Aberto na noite de ontem (8), o Seminário do Plano Nacional de Cultura – Goiás prossegue hoje, em Goiânia, com grupos de trabalho (GTs). Eles debaterão, até as 18 horas, o conteúdo do caderno de diretrizes do Plano.
Os temas dos GTs correspondem às cinco estratégias gerais do caderno:
• Fortalecer a ação do Estado no planejamento e na execução das políticas culturais
• Incentivar, proteger e valorizar a diversidade artística e cultural brasileira
• Universalizar o acesso à fruição e à produção cultural
• Ampliar a participação da cultura no desenvolvimento sustentável
• Consolidar a participação social na gestão das políticas culturais
A abertura
Na cerimônia, a presidente da Agência Goiana de Cultura (Agepel), Linda Monteiro, disse que agregar propostas de agentes culturais dos diferentes pontos do estado e das diversas manifestações culturais para contribuir de forma substanciosa na elaboração do Plano Nacional de Cultura é um desafio que exige ousadia dos governantes e da sociedade.

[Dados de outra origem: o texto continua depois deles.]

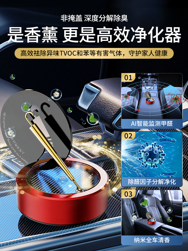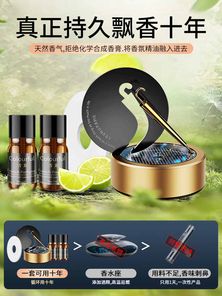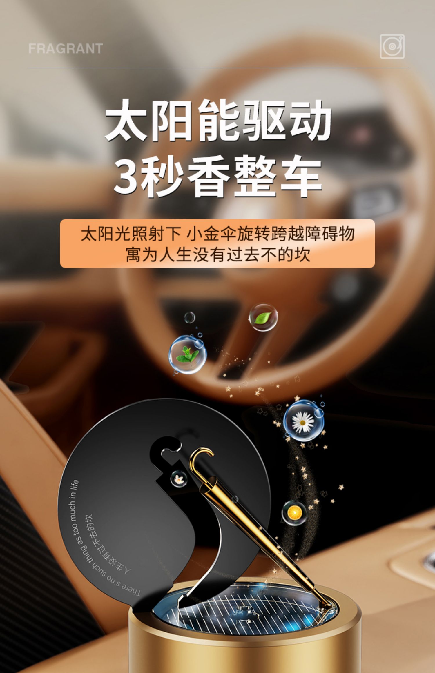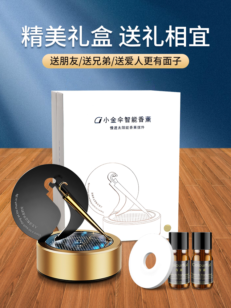solar car aromatherapy car perfume rotating small gold umbrella ornament center console decoration men's special high-end 中文版
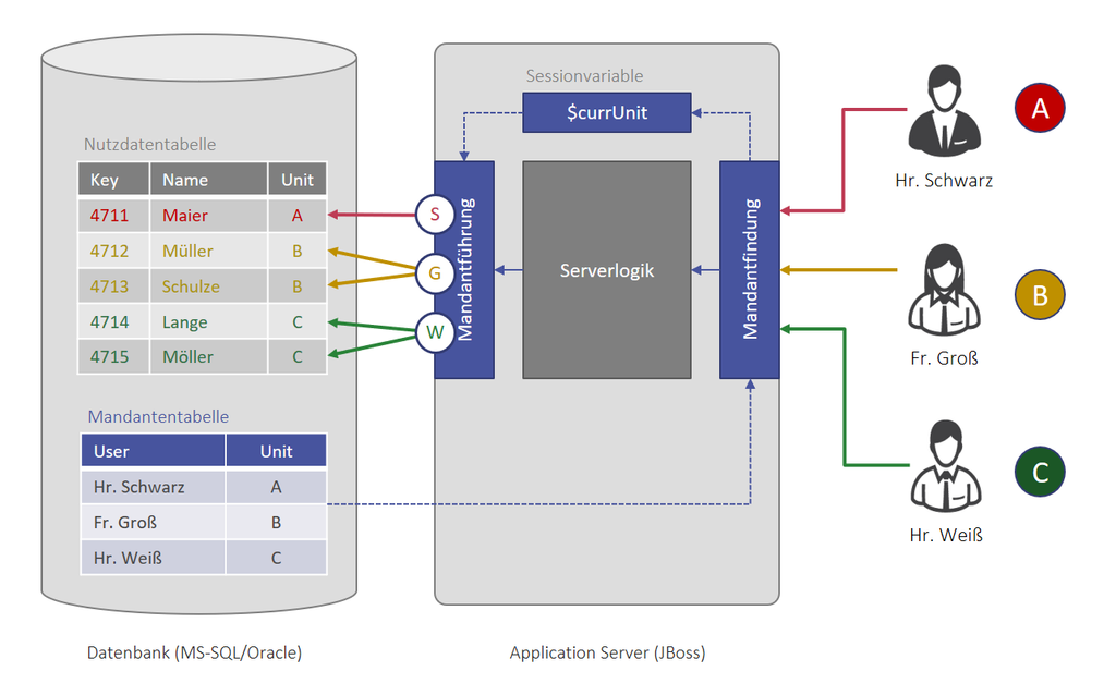Alle Tabellen verfügen über ein Mandanten-Feld, um die Daten einem (oder mehreren) Mandanten zuweisen zu können. Alle Benutzer werden vom Systemadministrator einem (oder mehreren) Mandanten zugewiesen. Bei Zugriff auf die Daten wird - an allen Stellen - die Mandantenkennung des aktuellen Benutzers berücksichtigt. Für die Organisation der Daten innerhalb der gemeinsamen Datenbank, kommen folgende Verfahren zu Einsatz:

Monteiro apontou a necessidade de superar o quadro em que os serviços e recursos estão “historicamente concentrados nos grandes centros e para uma pequena parcela da população”. E de os governos e governantes reconhecerem e valorizarem o capital simbólico do Brasil e dos brasileiros – compreendendo aí não só as artes, mas também as crenças, os modos de vida e as práticas religiosas, entre outros componentes.
O coordenador do PNC, Mauricio Dantas, avaliou que tem sido “riquíssimo” o processo de participação nos outros estados (Goiás é o 16º da seqüência, e o segundo do Centro-Oeste). Para ele, essa dinâmica, além de aperfeiçoar a proposta, confere a ele maior lastro social e, assim, maiores chances de concretização.
Dantas lembrou que a atribuição de propor o PNC é do Poder Legislativo, e afirmou que a Comissão de Educação e Cultura da Câmara dos Deputados tem sido parceira do Ministério da Cultura na realização dos seminários para aperfeiçoar o projeto de lei do PNC. Ele destacou também o entendimento da cultura com base em três dimensões – a simbólica, a econômica e a cidadã – e os dados recentes que mostram a cadeia produtiva do setor como responsável por 8% do Produto Interno Bruto (PIB), a soma das riquezas produzidas no País.
O público pôde assistir a uma série de apresentações artísticas. Elas começaram com o grupo musical Passarinhos do Cerrado. Em seguida, houve o teatro de Tetê Caetano e Marcelo de Castro e o balé de integrantes do Centro Cultural Gustav Ritter. Um número da Cia. de Circo Pés Nus encerrou a noite.
Oficinas
Amanhã (10), serão oferecidas ainda oficinas de capacitação de agentes e gestores culturais. Os temas, relacionados às políticas do ministério, são: Diversidade e Identidade; Sistema Nacional de Cultura e Programa Mais Cultura; Patrimônio Imaterial; e Programa Cultura Viva.
No mesmo dia, começa em Cuiabá o seminário de Mato Grosso, que vai até domingo (12).